The miners, now completely on their own, struggled on for three months and then capitulated, accepting the owners’ terms. After the 1921 lock-out the average wage per shift worked went down to less than half what it was in the winter months of 1920-21. [15]
Throughout industry the employers’ attack was pressed home. Reductions were enforced on engineers, shipyard workers, builders, seamen (the ships’ cooks and stewards unsuccessfully struck), cotton operatives (after a general lock-out). By the end of 1921 wage-cuts averaging no less than eight shillings a week had been suffered by 6,000,000 workers. [16]
Before the termination of the miners’ strike on 4 July a great cotton lock-out took place ... Five hundred thousand workers were locked out from 3 June until 27 June when they resumed on the basis of four shillings and five pence reduction in the pound [22 per cent] on current wages.
Then came the turn of the workers in the engineering industry, who were involved in a fourteen weeks’ lock-out which began in March 1922. Hardly had this started when the shipbuilding workers were plunged into a defensive struggle against wage reductions. These were followed by the strike of the printing trades against a demand for 15 shillings a week reduction in wage rates. These defensive struggles continued in the various industries right through 1922. [17]
The downturn in the class struggle led to a weakening of the power of the rank and file in the face of the employers and increasing dependence on the trade union bureaucracy.

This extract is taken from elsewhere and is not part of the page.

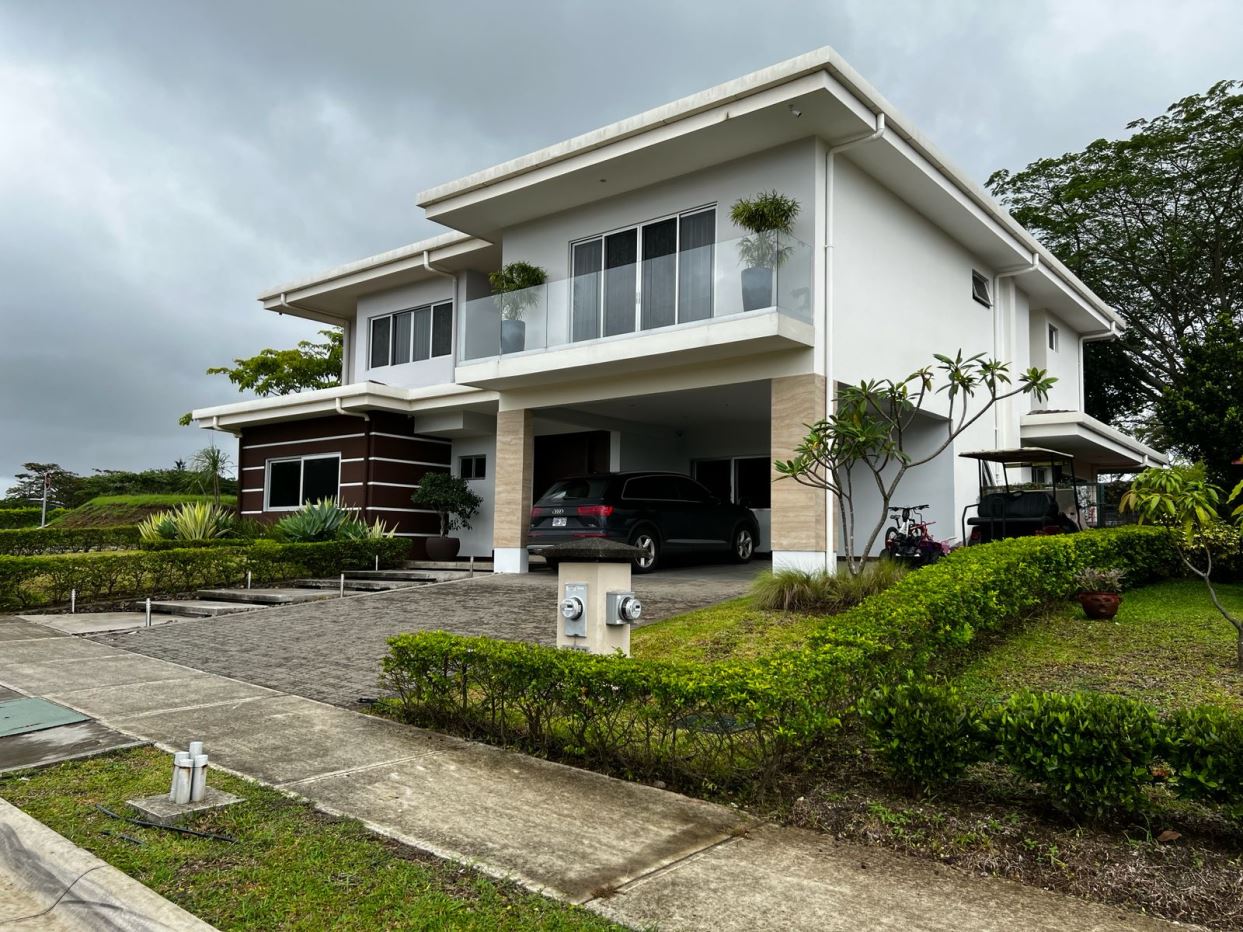 ? Detalles de la propiedad* Casa esquinera de 2 niveles* 430 m² de construcción* 610 m² de lote* 5 habitaciones amplias + cuarto de servicio con baño completo * 6.5 baños (ducha y jacuzzi separados) * 2 walk-in closets* A/C en toda la casa * Parqueo para 4 vehículos* Cocina de lujo con sobres en granito, línea blanca incluida * Sala principal, comedor, sala de TV y oficina* Balcón y terraza techada * Bodega* Jardines con sistema de riego por goteo* Seguridad 24/7

By far the strongest shop stewards’ organisation during the war existed in the engineering industry. In 1919 the defeat of the 40-hours strike put an end to this power. As J.T. Murphy put it:
independent activity of the trade unions and the re-transfer of workers from the engineering industry and the dismissal of active shop stewards readily reduced the shop stewards’ committees to propaganda bodies within the unions. [18]
The 1922 lockout of engineers killed the shop stewards’ movement stone dead. As Murphy explained to the Fourth Congress of the Comintern (November 1922):
In England we have had a powerful shop stewards’ movement. But it can and only does exist in given objective conditions. These necessary conditions at the moment in England do not exist ... You cannot build factory organisations in empty and depleted workshops, while you have a great reservoir of unemployed workers. [19]
The massive retreat of the working class after 1919 affected the rank and file’s independence from the trade union bureaucracy. Such independence is a function of the confidence of workers in the face of the employers.
1. The Worker, 1 February 1919.
2. Murphy, Preparing for Power, pp. 176–7.
3. Solidarity, January 1919.
4. British Government Cabinet Papers, CAB 23/9, WC 514/9.
5. CAB 23/9, WC 518 (6).
6. CAB 23/9, WC 522.
7. CAB 23/9, WC 525(1).
8. British Labour Statistics, Historical Abstract 1886-1968 (London 1971), table 196.
9. G.A. Phillips, The Triple Alliance in 1914, in Economic History Review, February 1971, p. 63.
10. G. Blaxland, J.H. Thomas: A Life for Unity (London 1964), p. 121.
11. Allen Hutt, The Post-war History of the British Working Class (London 1972), p. 18.
12. F. Hodges, My Adventures as a Labour Leader (London 1925), p. 90.
13. N. Edwards, History of the South Wales Miners Federation (London 1938), p. 116.
14. TUC Annual Report 1919, pp. 263–6.
15. Robin Page-Arnot, The Miners’ Year of Struggle (London 1953), p. 339.
16. Hutt, page 62.
17. Murphy, Preparing for Power, pp. 213–4.
18. Murphy, Preparing for Power, pp. 207–8.
19. Fourth Congress of the Communist International (London 1923), p. 62.